Entries supplied >>
**********

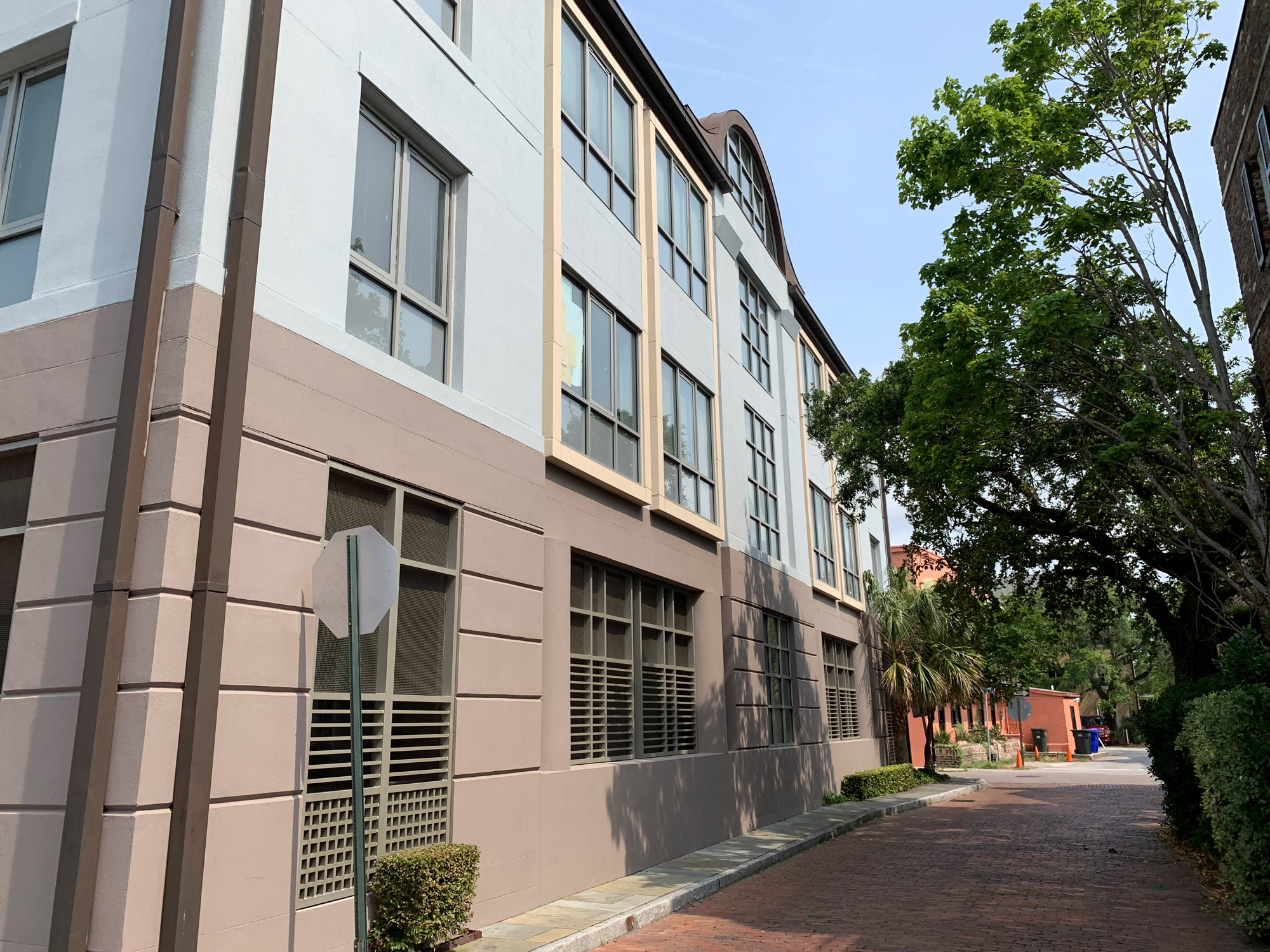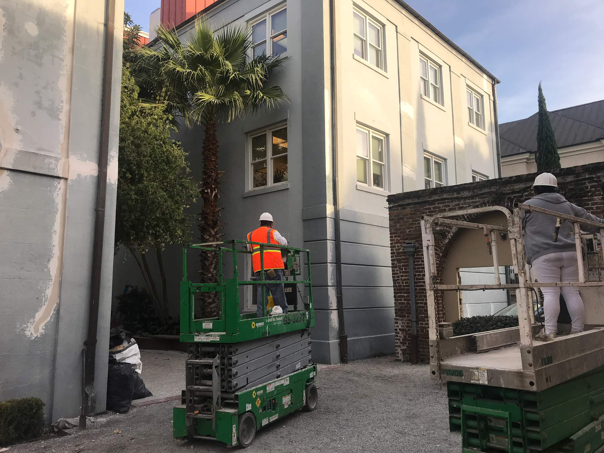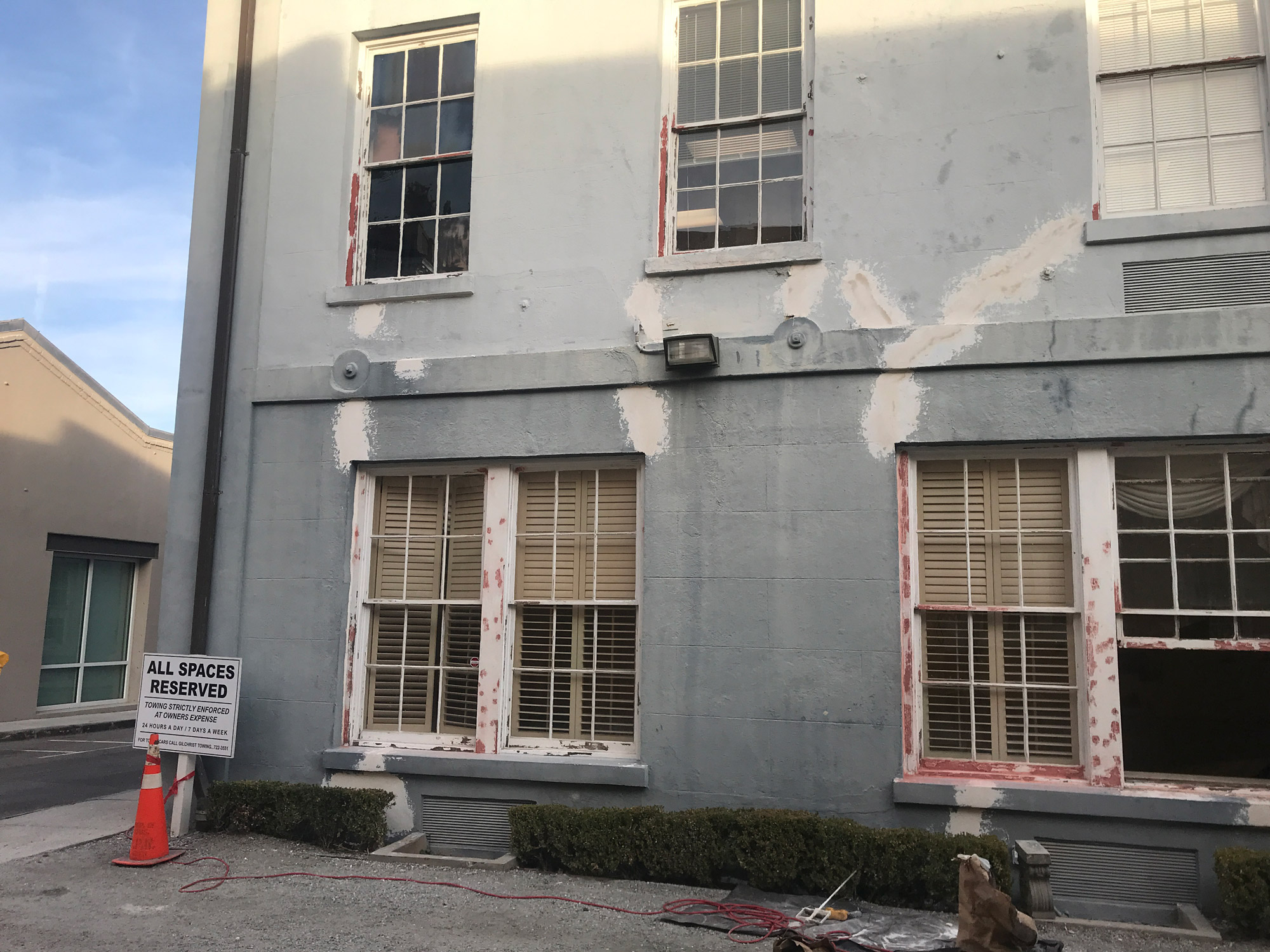 The scope of work included historic restoration of stucco, repointing of the multi wythe brick, and restoration of the historic windows and doors for a high-profile law firm in downtown Charleston.
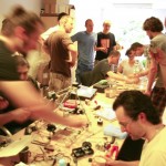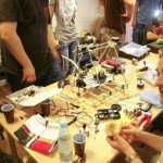 Warsztaty poprowadził Przemek Jaworski (piszący ten artykuł) we współpracy z Konradem Klepackim oraz Krzysztofem Dymianiukiem (mojreprap.pl). Pierwszy dzień (piątek) rozpoczął się dłuższą prezentacją wprowadzającą w temat, a potem pierwszym pokazowym wydrukiem. Po krótkiej przerwie uczestnicy podzielili się na dwie grupy i z dostępnych elementów zaczęli składać dwie kompletne drukarki Prusa Mendel.
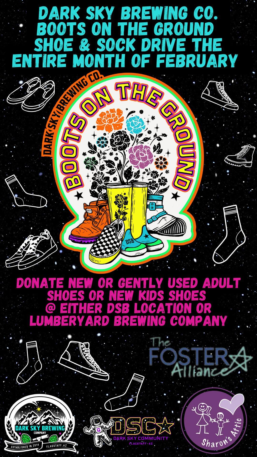 Boots on the Ground Shoe Drive: The entire month of February. Items donated will go to Sharon's Attic and The Foster Alliance. Donate new or gently used adult shoes or new kids shoes at either DSB location or Lumberyard Brewing Company.
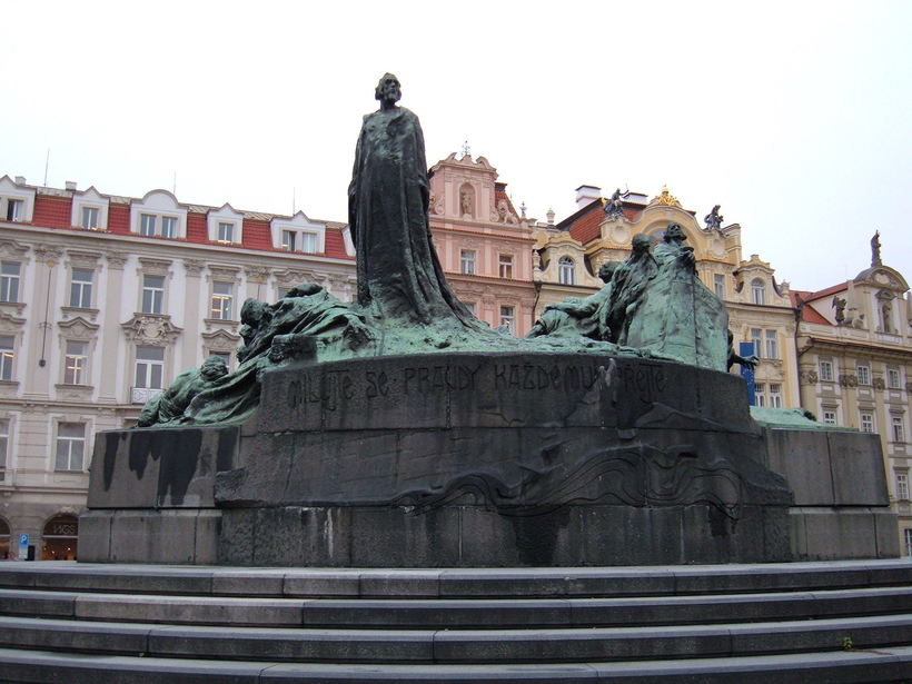 - Памятник Яну Гусу. Огромный и позеленевший от времени, он смотрится очень атмосферно, как и многое в Праге.
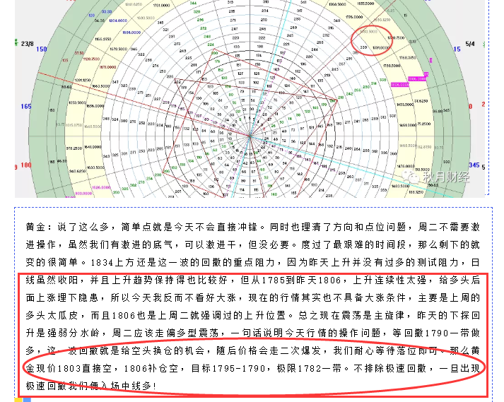 周三:昨日周二整体波动也不大,我们周二提出1803直接空,1806加仓空,周二未能走出预期回撤。最终持仓过夜,目前价格回落至1800下方,空单开始出现利润。昨晚上升至1809走回落,其实在昨日先看回踩然后在接多是没毛病的。因为从时间结构上来说,1806就是这一轮涨幅的高点,星象图上给大家标注的很清楚。不过昨日的涨幅很小,现在周三亚盘随着隔夜回落,想继续在1803和1806做空的期待大概率落空,对我们来说行情还是很给力,今天应该不会反弹给做空机会,但我们也不会这里也不会在选择激进空,手中空单还在。回撤结束后继续看上升,本身就是看回踩确认低点,只能说明行情还是在我们预期里面,空获利后也是要找位置做多,这一次的多头必然要看破1809的。
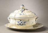 Soupière ovale avec couvercle et son présentoir ; présentoir ovale à assise plate, bord festonné, décor nervuré formant sur le marli des compartiments inégaux aux contours sinueux, tiges et fleurs isolées, décor à la brindille de Chantilly ; soupière à pied individualisé, panse aux renflements formant des registres, deux anses horizontales arrondies, bord évasé, lèvre épaissie, ponctuations sur le pied et les anses, bouquets de part et d’autre de la panse, brindilles isolées ; couvercle de même, renflé en partie supérieure, couronné d’un bouton en forme de fleur à quatre pétales dont un est lacunaire.
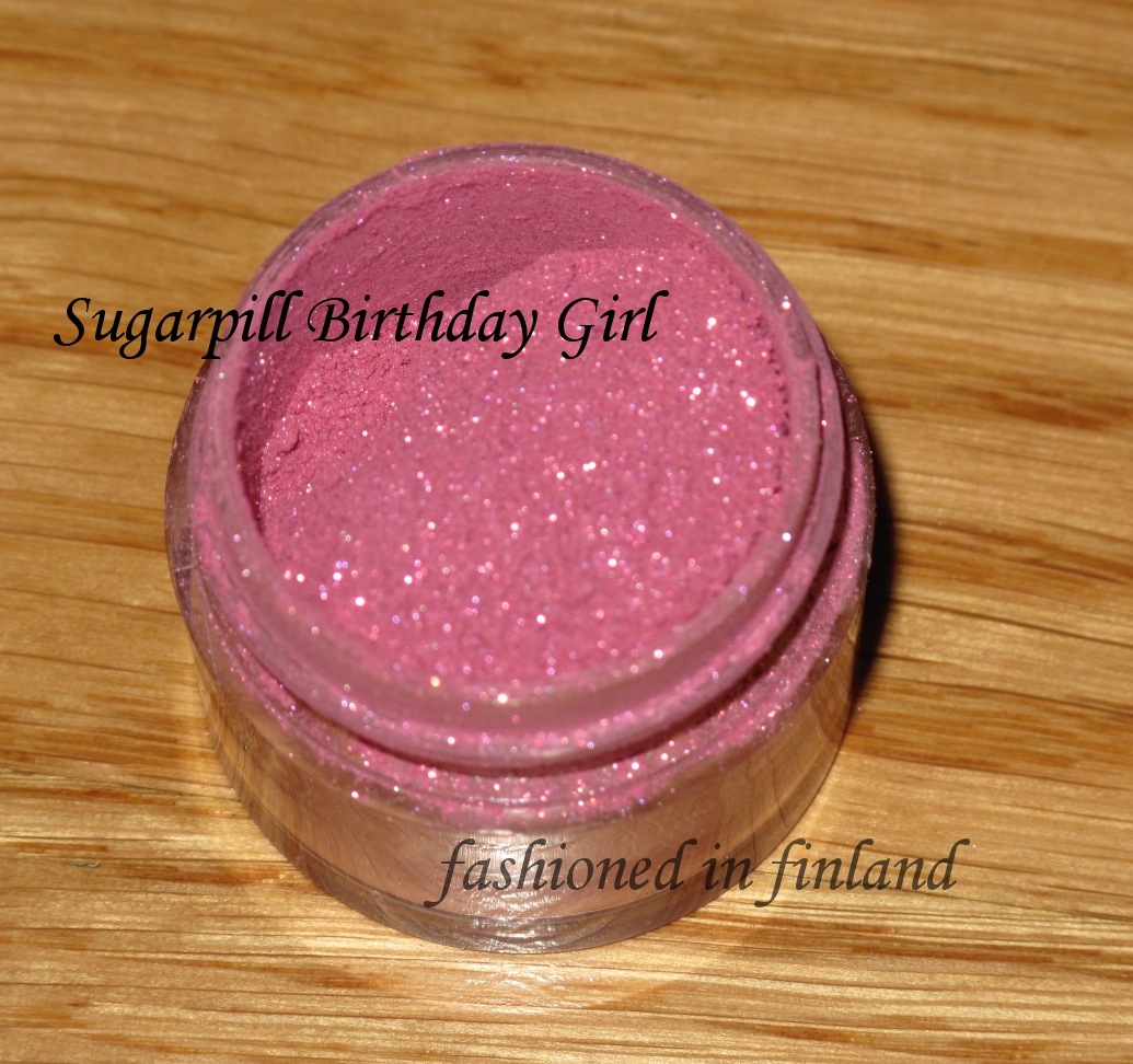 As a color Birthday Girl (new color too) was a huge disappointment to me, unfortunately. I hope it would be lighter but this bright pink, almost fuchsia in my stardard (=I don't like fuchsia). It is lovely but I will never use this one... It would be great on lips but unfortunately it's not lip safe. The base is nearly matte with a lot of shimmer.
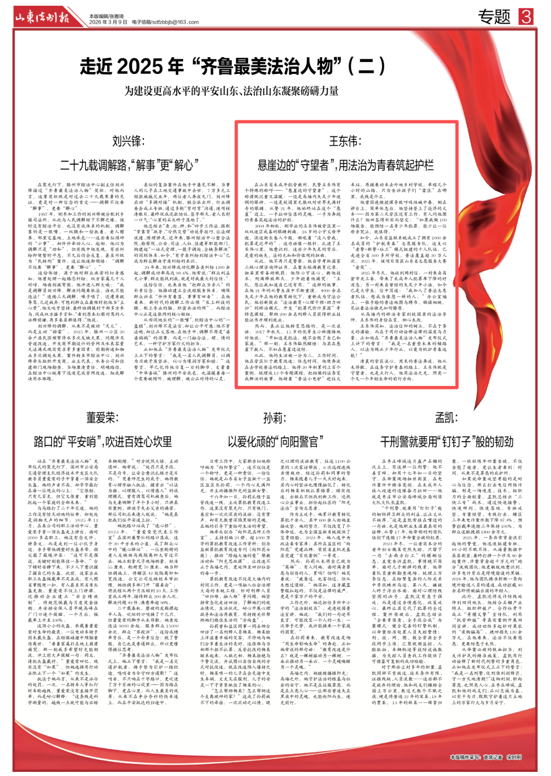 榜样如炬,照亮前行之路。山东法制报开设“走近2025年‘齐鲁最美法治人物’”专栏,集中刊发“齐鲁最美法治人物”先进事迹,深入讲述他们的感人故事,展现新时代法治工作者的精神风貌,激励全社会尊法学法守法用法,为建设更高水平的平安山东、法治山东凝聚磅礴力量。

**********

What you will do >>
Only the lines from the one containing "- Памятник Яну" through the last line of the entries above belong in the copy; reproduce them exactly and drop every picture.

Answer to this problem >>
 - Памятник Яну Гусу. Огромный и позеленевший от времени, он смотрится очень атмосферно, как и многое в Праге.
 周三:昨日周二整体波动也不大,我们周二提出1803直接空,1806加仓空,周二未能走出预期回撤。最终持仓过夜,目前价格回落至1800下方,空单开始出现利润。昨晚上升至1809走回落,其实在昨日先看回踩然后在接多是没毛病的。因为从时间结构上来说,1806就是这一轮涨幅的高点,星象图上给大家标注的很清楚。不过昨日的涨幅很小,现在周三亚盘随着隔夜回落,想继续在1803和1806做空的期待大概率落空,对我们来说行情还是很给力,今天应该不会反弹给做空机会,但我们也不会这里也不会在选择激进空,手中空单还在。回撤结束后继续看上升,本身就是看回踩确认低点,只能说明行情还是在我们预期里面,空获利后也是要找位置做多,这一次的多头必然要看破1809的。
 Soupière ovale avec couvercle et son présentoir ; présentoir ovale à assise plate, bord festonné, décor nervuré formant sur le marli des compartiments inégaux aux contours sinueux, tiges et fleurs isolées, décor à la brindille de Chantilly ; soupière à pied individualisé, panse aux renflements formant des registres, deux anses horizontales arrondies, bord évasé, lèvre épaissie, ponctuations sur le pied et les anses, bouquets de part et d’autre de la panse, brindilles isolées ; couvercle de même, renflé en partie supérieure, couronné d’un bouton en forme de fleur à quatre pétales dont un est lacunaire.
 As a color Birthday Girl (new color too) was a huge disappointment to me, unfortunately. I hope it would be lighter but this bright pink, almost fuchsia in my stardard (=I don't like fuchsia). It is lovely but I will never use this one... It would be great on lips but unfortunately it's not lip safe. The base is nearly matte with a lot of shimmer.
 榜样如炬,照亮前行之路。山东法制报开设“走近2025年‘齐鲁最美法治人物’”专栏,集中刊发“齐鲁最美法治人物”先进事迹,深入讲述他们的感人故事,展现新时代法治工作者的精神风貌,激励全社会尊法学法守法用法,为建设更高水平的平安山东、法治山东凝聚磅礴力量。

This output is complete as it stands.